L’oeuvre chrétienne de Synésius se compose de deux discours, d’homélies et de neuf hymnes dont la thématique trinitaire combat une résurgence de la pensée eunoméenne. Il y présente une pneumatologie singulière où l’Esprit Saint intervient dans la génération du Fils.
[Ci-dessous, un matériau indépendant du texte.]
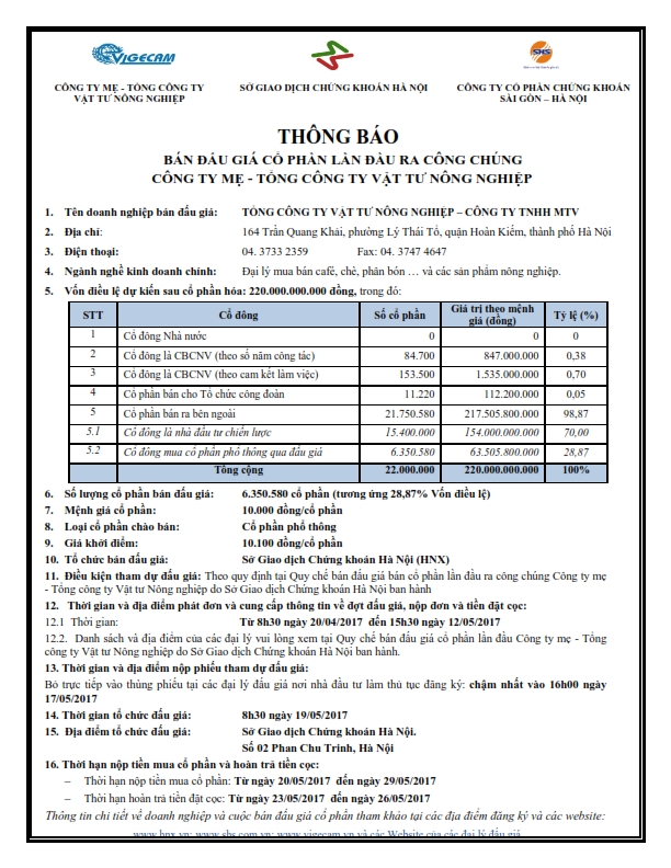 THÔNG BÁO BÁN ĐẤU GIÁ CỔ PHẦN LẦN ĐẦU RA CÔNG CHÚNG CÔNG TY MẸ - TỔNG CÔNG TY VẬT TƯ NÔNG NGHIỆP

Il est la volonté du Père par laquelle celui-ci enfante le Fils.

Hymne II (IV)

C'est toi qu’à l’aurore : 


c’est toi qu’à la montée, c’est toi qu’au milieu et c’est toi qu’au déclin du jour sacré et de la nuit divine, c’est toi que je chante, ô Père, médecin des âmes, médecin des corps, toi qui dispenses la divine sagesse, toi qui écartes 
toutes les maladies, et qui donnes aux âmes 
une existence sereine que ne traverse pas 
l’inquiétude terrestre, mère des douleurs, 
mère des passions ! 


Fais que ma vie soit toujours exempte de tous ces tourments, 
afin que je puisse célébrer par des hymnes la racine cachée 
de toutes choses, et que jamais mon âme 
ne soit entraînée par des égarements 
qui l’éloignent de Dieu. 
C’est toi, ô Bienheureux, c’est toi que je chante !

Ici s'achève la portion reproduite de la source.